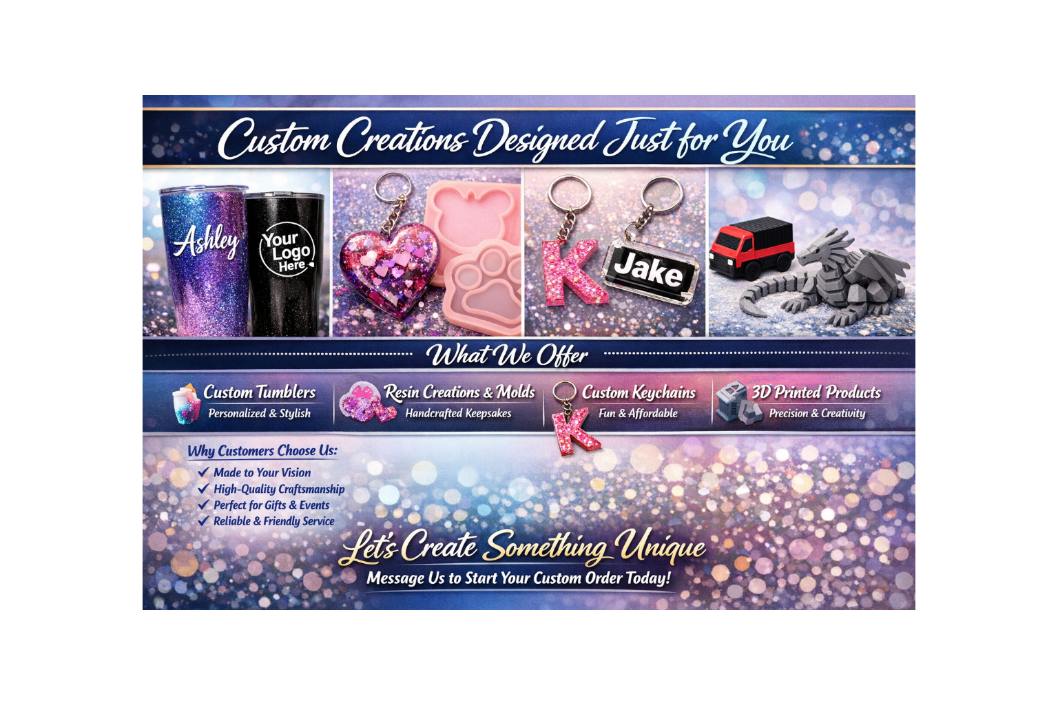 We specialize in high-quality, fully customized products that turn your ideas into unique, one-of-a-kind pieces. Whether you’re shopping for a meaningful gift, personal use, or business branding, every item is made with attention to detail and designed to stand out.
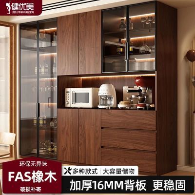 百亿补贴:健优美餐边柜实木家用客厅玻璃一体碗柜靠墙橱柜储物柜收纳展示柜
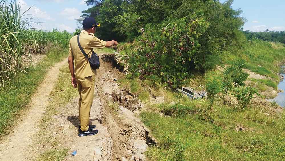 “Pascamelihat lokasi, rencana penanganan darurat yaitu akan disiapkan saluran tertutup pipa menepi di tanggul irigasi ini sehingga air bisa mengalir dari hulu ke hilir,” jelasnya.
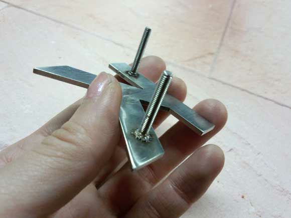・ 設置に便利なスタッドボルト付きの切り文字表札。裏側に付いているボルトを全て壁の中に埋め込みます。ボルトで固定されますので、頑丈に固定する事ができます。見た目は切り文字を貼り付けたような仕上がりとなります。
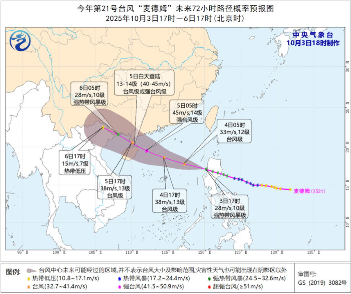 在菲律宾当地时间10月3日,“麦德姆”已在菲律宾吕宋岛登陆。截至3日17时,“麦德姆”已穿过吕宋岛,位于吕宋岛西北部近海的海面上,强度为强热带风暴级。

* * *

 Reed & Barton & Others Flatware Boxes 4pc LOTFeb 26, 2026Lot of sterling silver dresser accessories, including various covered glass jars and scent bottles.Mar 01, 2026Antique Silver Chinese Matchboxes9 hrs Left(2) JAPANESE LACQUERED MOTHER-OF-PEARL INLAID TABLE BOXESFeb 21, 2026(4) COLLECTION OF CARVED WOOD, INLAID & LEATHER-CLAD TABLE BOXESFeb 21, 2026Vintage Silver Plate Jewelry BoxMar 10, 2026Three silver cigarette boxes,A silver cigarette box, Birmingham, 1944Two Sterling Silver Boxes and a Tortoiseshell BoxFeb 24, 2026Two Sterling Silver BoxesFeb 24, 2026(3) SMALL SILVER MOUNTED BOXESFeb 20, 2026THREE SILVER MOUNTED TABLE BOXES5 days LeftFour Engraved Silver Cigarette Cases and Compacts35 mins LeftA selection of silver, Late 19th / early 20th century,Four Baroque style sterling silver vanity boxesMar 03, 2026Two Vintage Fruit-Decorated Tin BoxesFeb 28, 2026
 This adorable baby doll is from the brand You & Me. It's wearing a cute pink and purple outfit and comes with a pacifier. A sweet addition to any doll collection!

■ Assigned task: Give again, exactly as written above, every line from the one holding "We specialize in" to the one holding "lokasi, rencana penanganan", with both ends kept and the pictures left out.

■ Answer space:
 We specialize in high-quality, fully customized products that turn your ideas into unique, one-of-a-kind pieces. Whether you’re shopping for a meaningful gift, personal use, or business branding, every item is made with attention to detail and designed to stand out.
 百亿补贴:健优美餐边柜实木家用客厅玻璃一体碗柜靠墙橱柜储物柜收纳展示柜
 “Pascamelihat lokasi, rencana penanganan darurat yaitu akan disiapkan saluran tertutup pipa menepi di tanggul irigasi ini sehingga air bisa mengalir dari hulu ke hilir,” jelasnya.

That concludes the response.